Ask a doctor about a prescription for Citosar

This page is for general information. Consult a doctor for personal advice. Call emergency services if symptoms are severe.
About the medicine

How to use Citosar

Package Leaflet: Information for the User

CYTOSAR, 100 mg, powder and solvent for solution for injection

Cytarabine

Read all of this leaflet carefully before you start using this medicine because it contains important information for you.

  • You should keep this leaflet. You may need to read it again.
  • If you have any further questions, ask your doctor or pharmacist.
  • This medicine has been prescribed for you only. Do not pass it on to others. It may harm them, even if their signs of illness are the same as yours.
  • If you get any side effects, talk to your doctor or pharmacist. This includes any possible side effects not listed in this leaflet. See section 4.

Contents of the pack and other information

  • 1. What the medicine is and what it is used for
  • 2. Important information before you use the medicine
  • 3. How to use the medicine
  • 4. Possible side effects
  • 5. How to store the medicine
  • 6. Contents of the pack and other information

1. What the medicine is and what it is used for

The medicine belongs to a group of anti-cancer medicines. The medicine should only be used by doctors experienced in the administration of anticancer therapy and only when the benefits of treatment outweigh the risks.

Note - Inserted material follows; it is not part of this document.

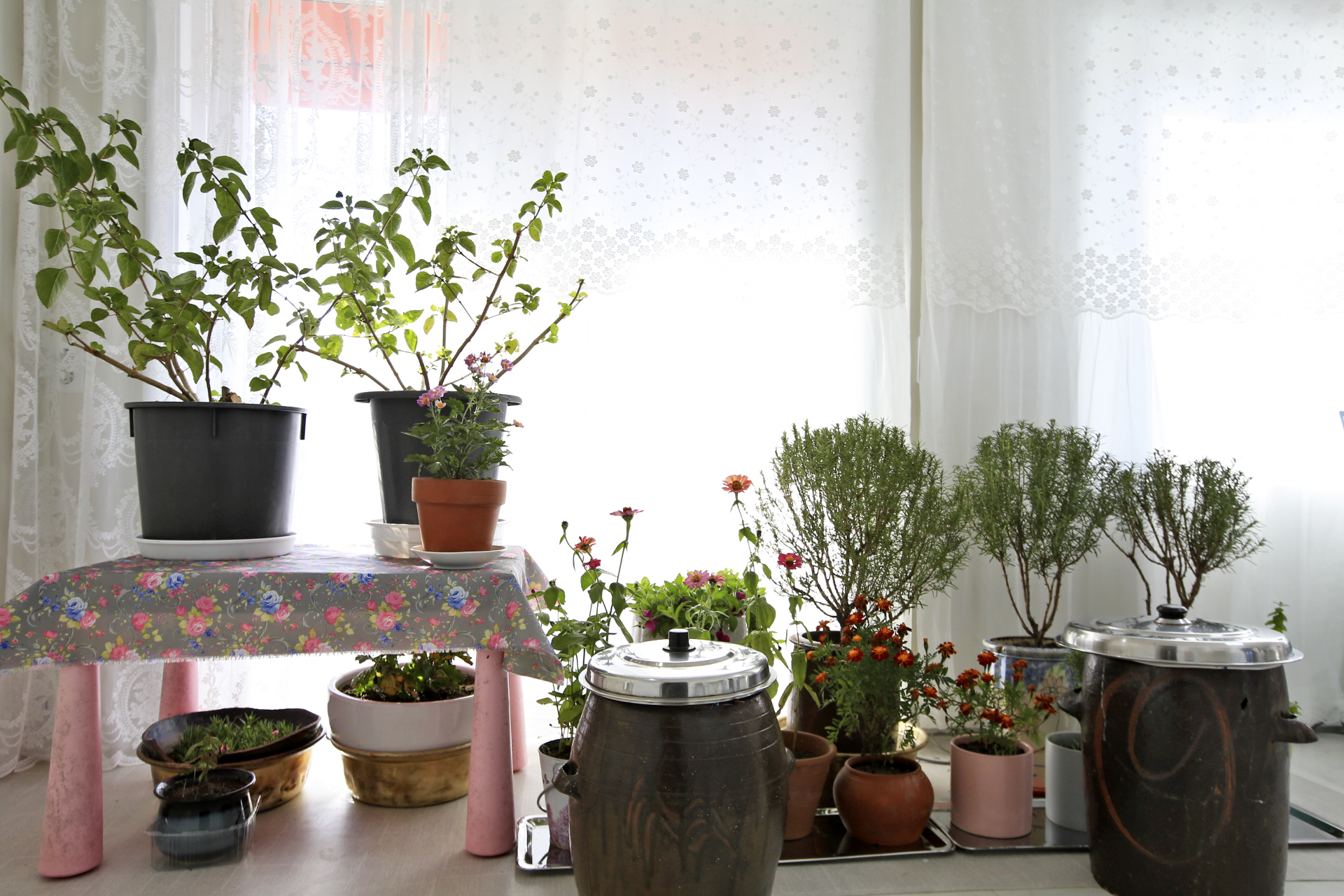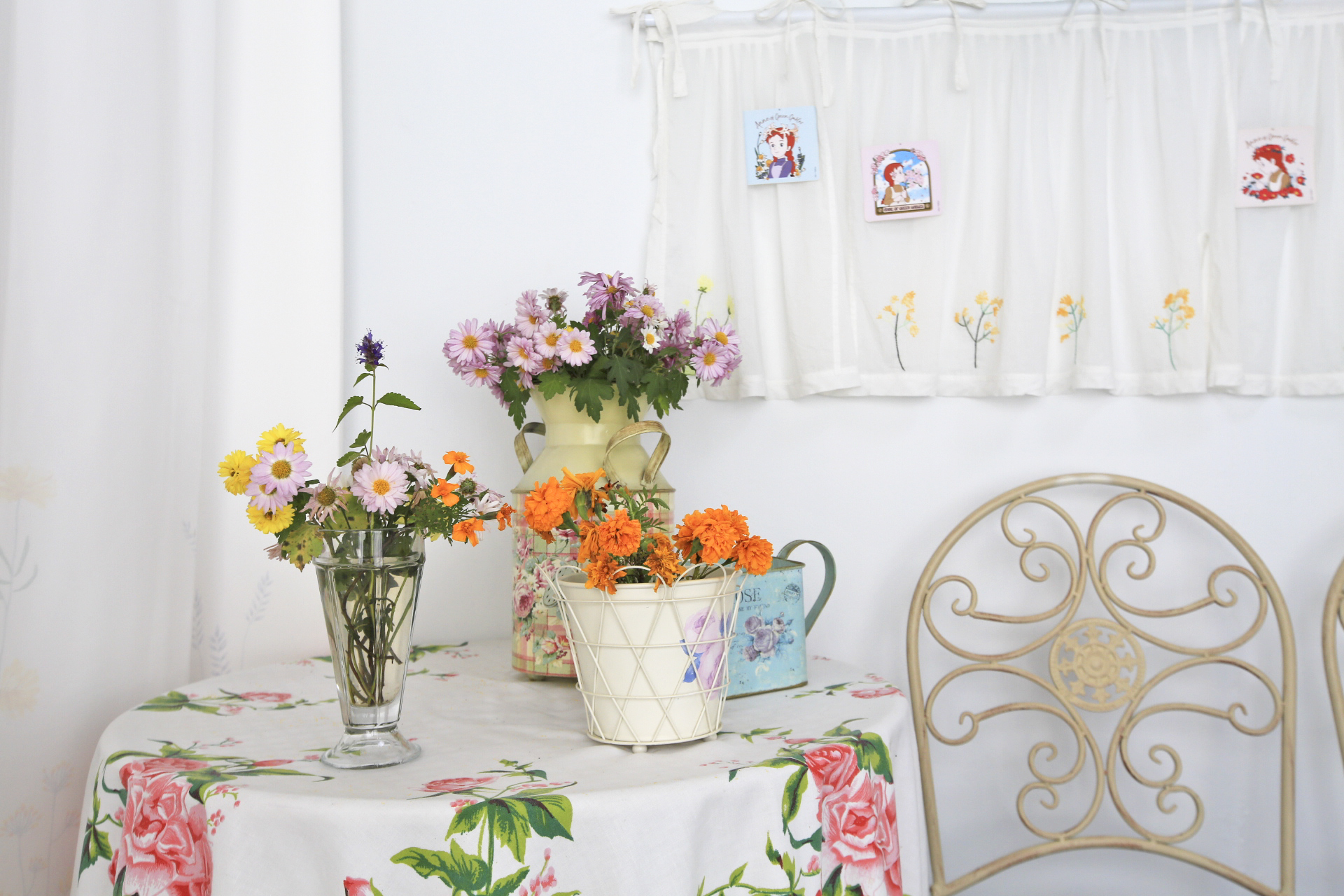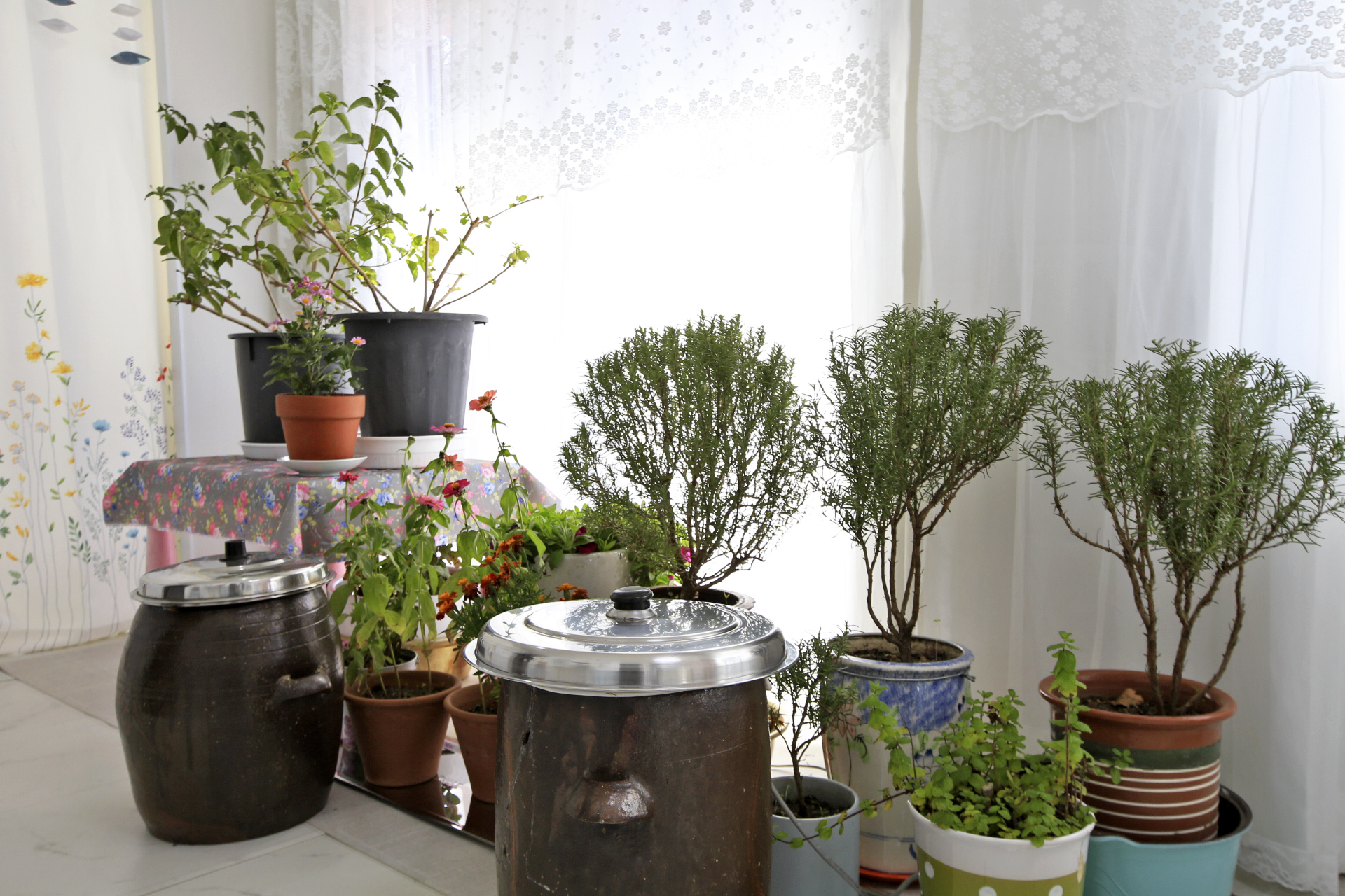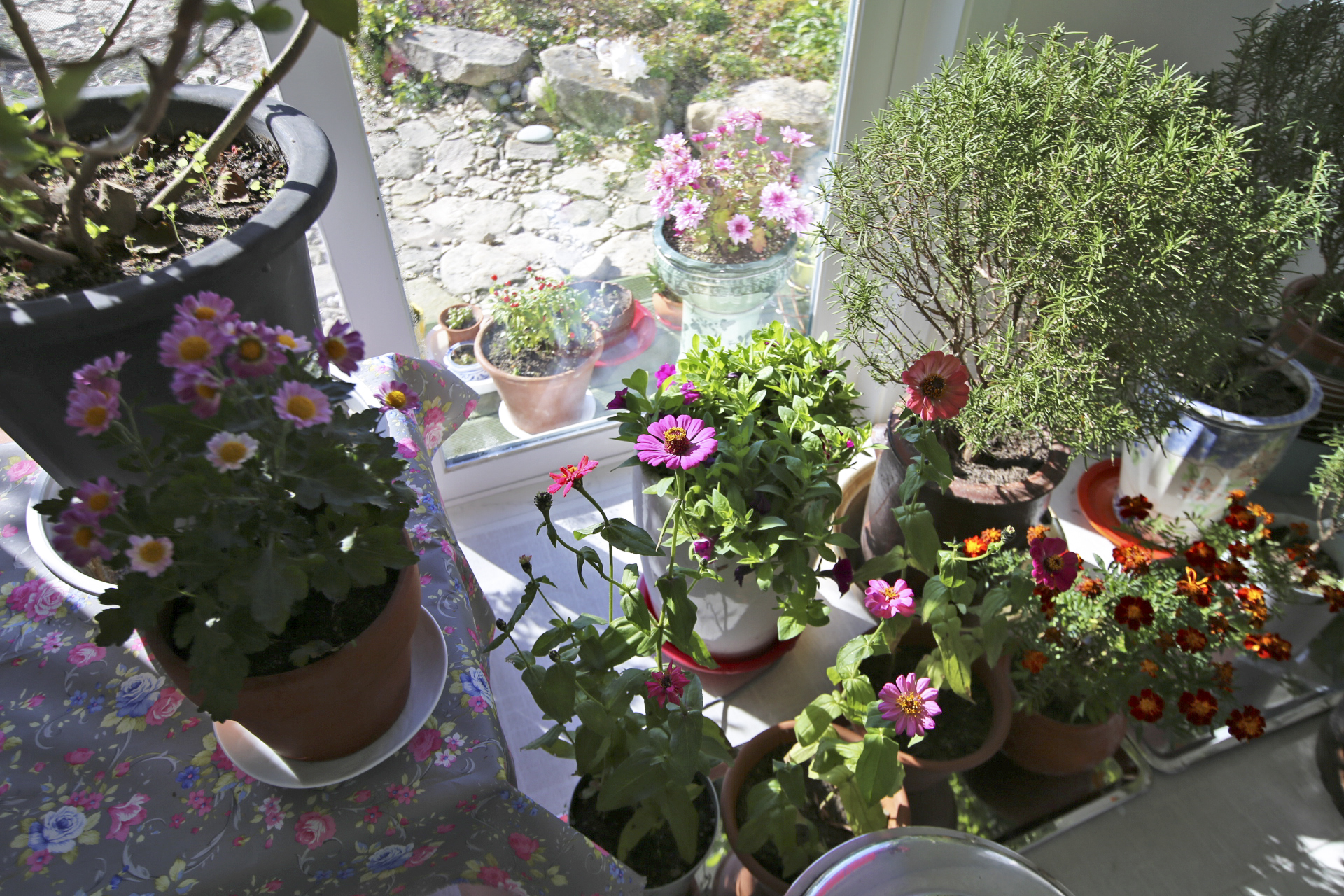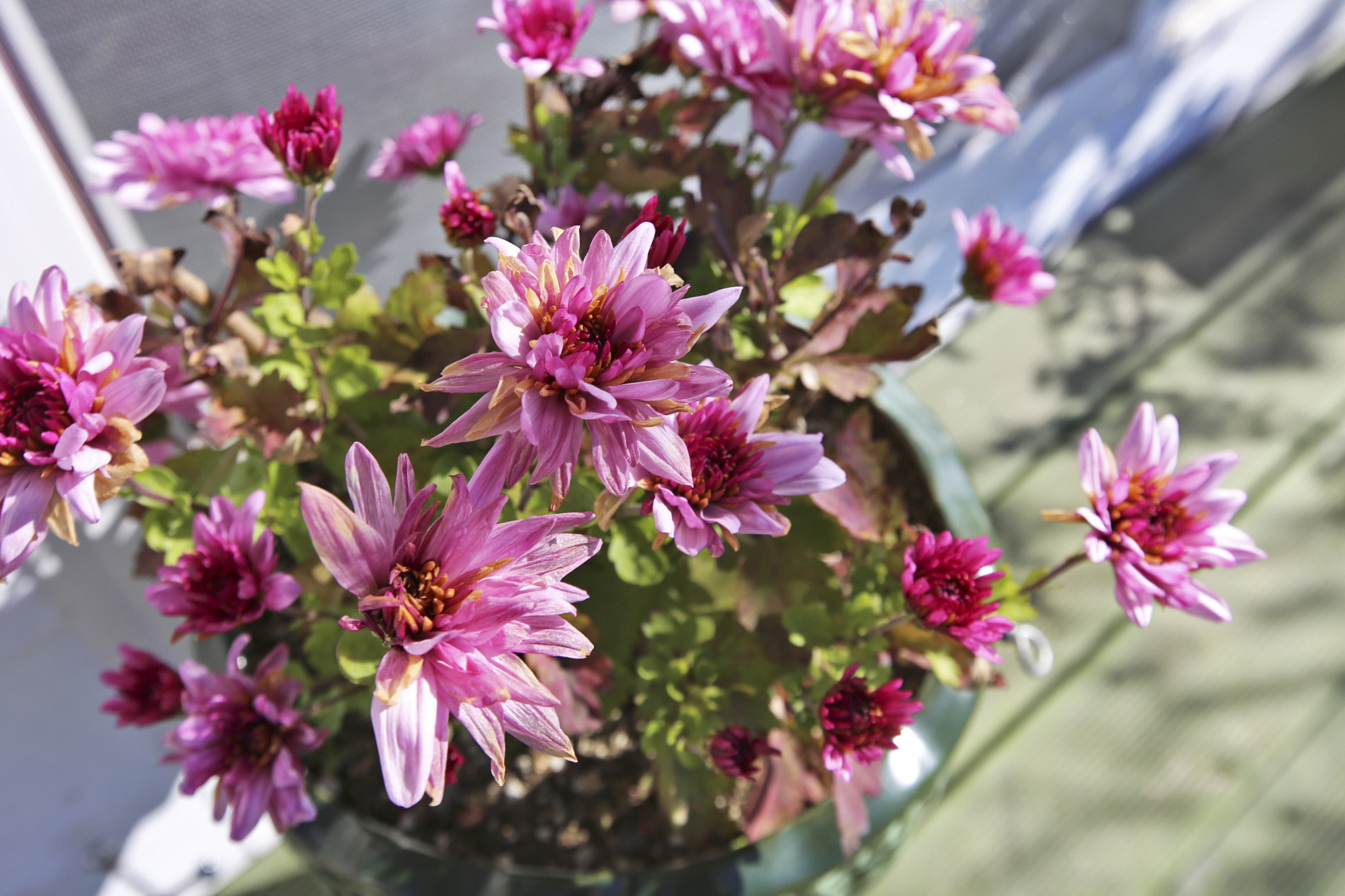 전실에 들여놓은 국화와 백일홍.....

The medicine is used to treat acute myeloid leukemia in adults and children. It is also indicated for the treatment of acute lymphoblastic leukemia and chronic myeloid leukemia. It can be used as monotherapy (as the only medicine) or in combination with other anticancer medicines. The best results are obtained with combination therapy.

In monotherapy or in combination with sodium hydrocortisone acetate and methotrexate administered intrathecally, it can be used to treat leukemia with central nervous system involvement.

The medicine in high doses, administered as an intravenous infusion in combination with other anticancer medicines or as monotherapy, is effective in the treatment of poorly differentiated leukemia, refractory leukemia, and relapses (recurrences) of acute leukemia.

It is rarely effective in the treatment of patients with solid tumors.

2. Important information before you use the medicine

When not to use the medicine

  • If you are allergic to cytarabine or any of the other ingredients of this medicine (listed in section 6).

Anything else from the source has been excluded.